Dataset records:
^^^^

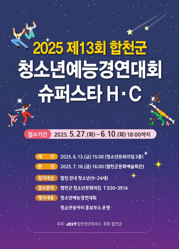 [합천=뉴시스] 서희원 기자 = 경남 합천군(군수 김윤철)은 관내 청소년을 대상으로 ‘제13회 청소년예능경연대회 슈퍼스타 H·C’ 참가자를 내달 10일 오후 6시까지 모집한다고 29일 밝혔다.
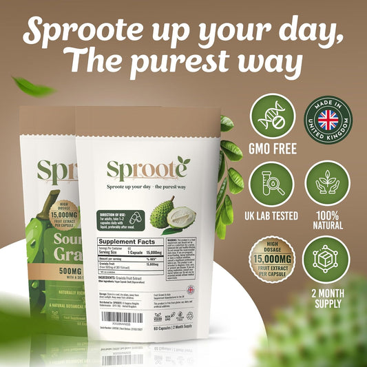 Sproote Soursop Capsules | 15,000mg High Strength Graviola Extract | Natural Antioxidant & Immune Support | Vegan Soursop Supplement | Soursop Leaves, Tea & Drops | 60 Capsules
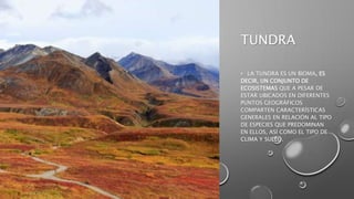 El documento presenta información sobre diferentes biomas terrestres como la tundra, taiga, bosques lluviosos, bosque caducifolio, pastizales, chaparral, desierto y sabana. Describe las características climáticas y de vegetación de cada bioma. También incluye información específica sobre el bosque seco ecuatoriano, sus amenazas como la deforestación, y las consecuencias como la pérdida de suelos y especies en peligro de extinción.
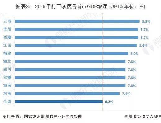从2019年前三季度各省市GDP增速来看,云南省以8.8%的增速占据了榜首,超出全国水平2.6个百分点,贵州与西藏紧随其后,其GDP实际增长率均达到了8.7%。
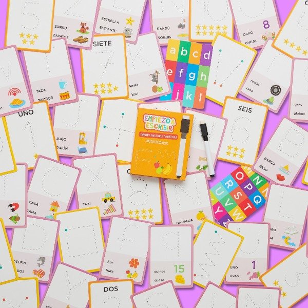 • Contiene todo el abecedario, ejemplos de palabras, oraciones para practicar y además un marcador con borrador.
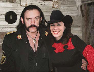 “My husband Jonny and I own Coffin Case, the guitar case company, and Jonny knew Lemmy because Motörhead were sponsored by Coffin and he had a great relationship with him and his management. I met Lemmy through Coffin, and I was in a roots duo called the Lonesome Spurs with Danny B. Harvey, the guitarist who played with him in Headcat. I knew Slim Jim Phantom too, the drummer. I’d be at a lot of the Headcat shows and I was the little Angie Dickinson to their Rat Pack, I guess. In 2006, Lemmy came to one of our shows and was very impressed. I was playing guitar, singing and playing a suitcase kick drum, and he told me ‘You keep good time!’”
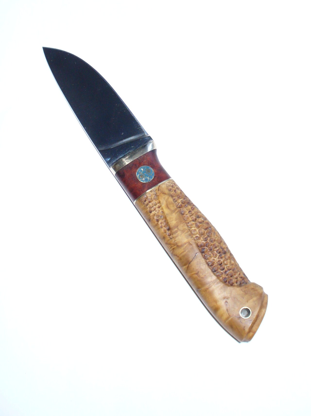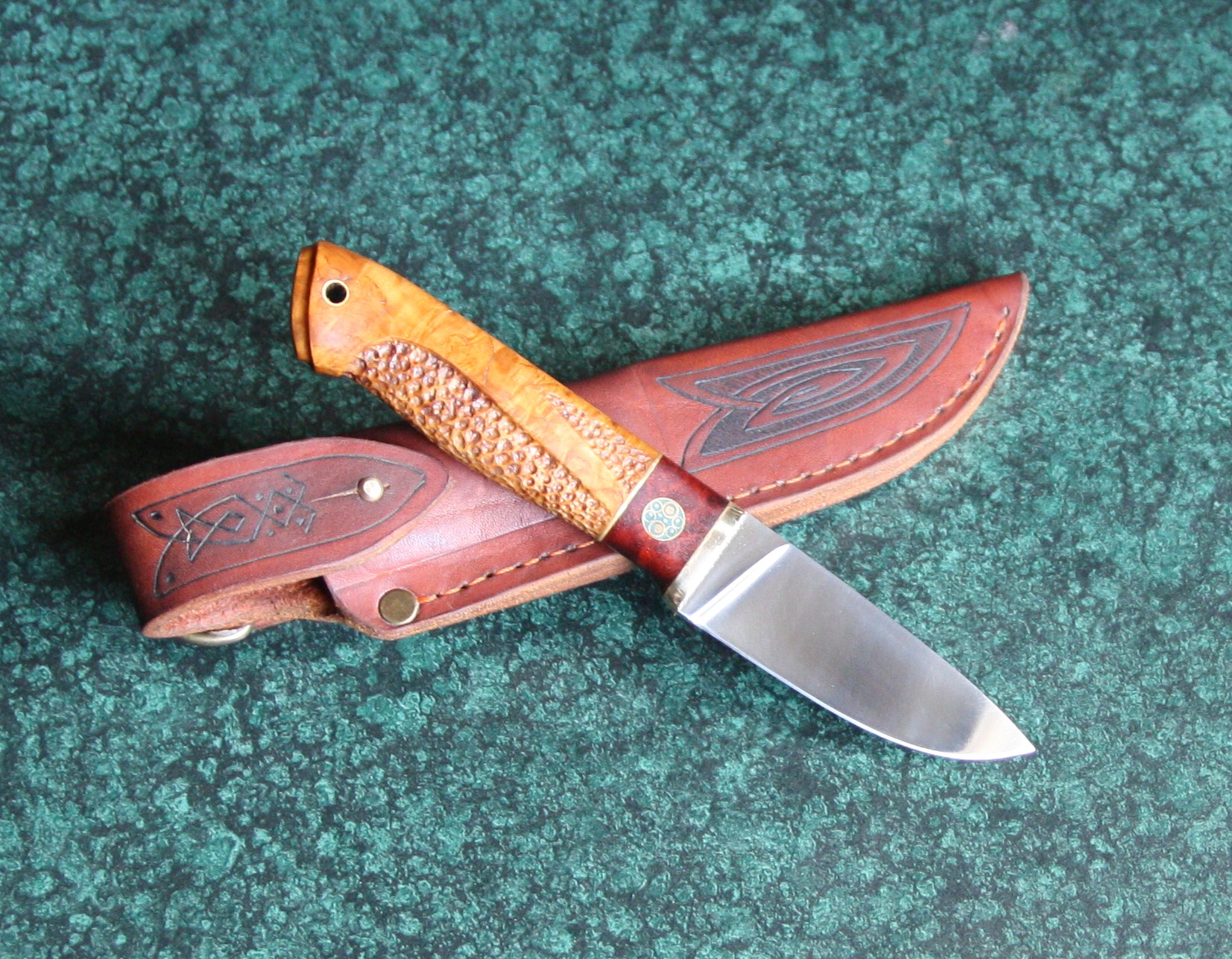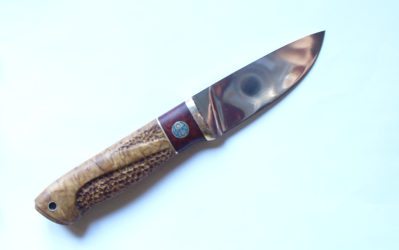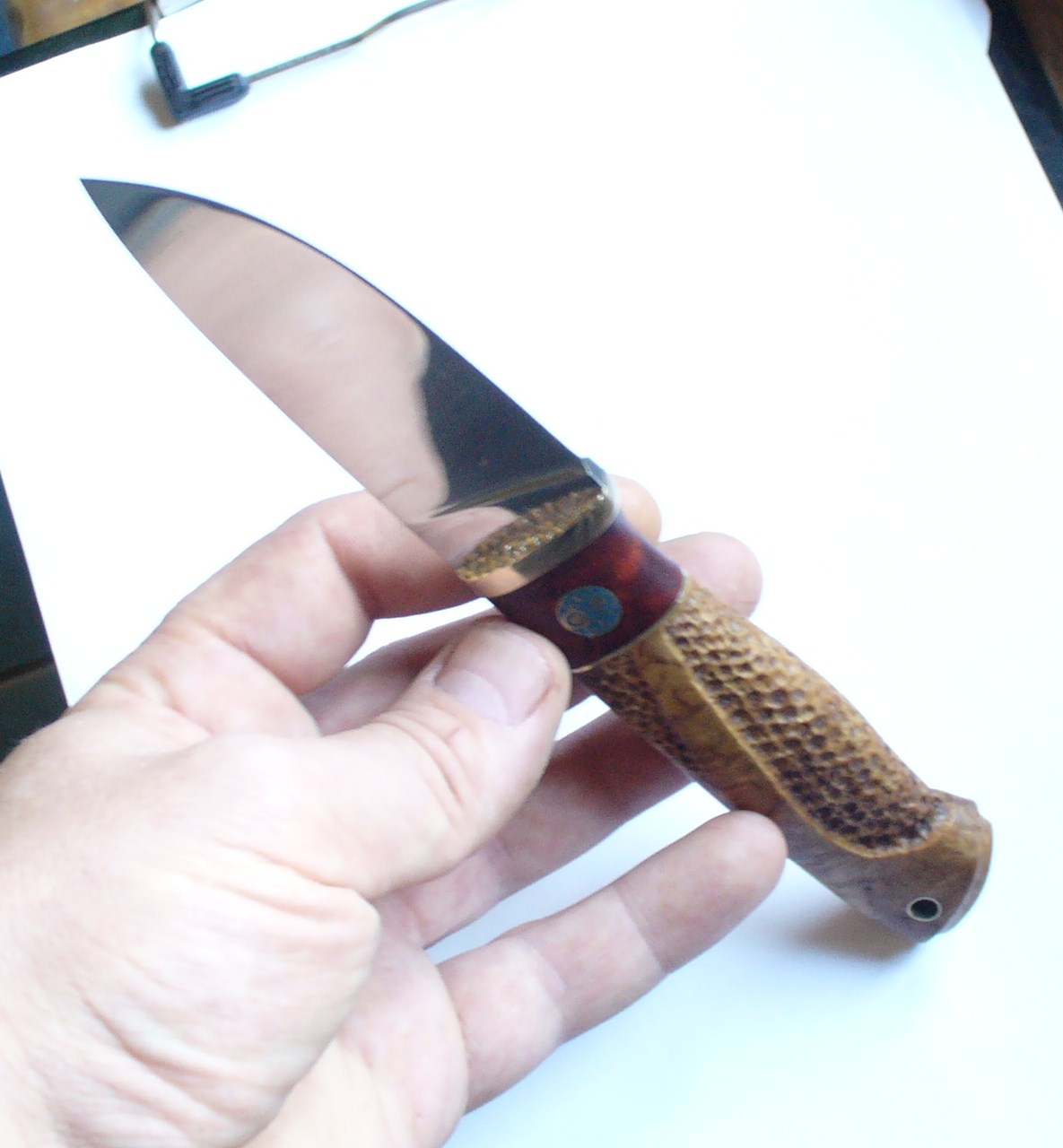 К рельефности рукоятей отношусь почти всегда положительно. Но на данном изделии пожалуй из-за фирменной фишки Александра не полность раскрыт рисунок карелки. ИМХО. В целом нож понравился.
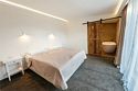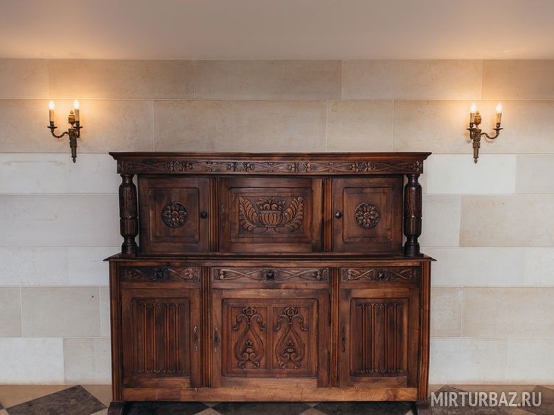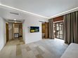 Левое крыло дома имеет отдельный вход с просторным коридором. В шикарно обставленной гостиной есть камин и обеденный стол. В номере также есть кухня с современным оборудованием.

^^^^

**WHAT TO WORK ON:** Copy word for word only the lines above from the one with "从2019年前三季度各省市G" through the one with "marcador con borrador.". Leave pictures out.

**WRITTEN RESPONSE:**
从2019年前三季度各省市GDP增速来看,云南省以8.8%的增速占据了榜首,超出全国水平2.6个百分点,贵州与西藏紧随其后,其GDP实际增长率均达到了8.7%。
 • Contiene todo el abecedario, ejemplos de palabras, oraciones para practicar y además un marcador con borrador.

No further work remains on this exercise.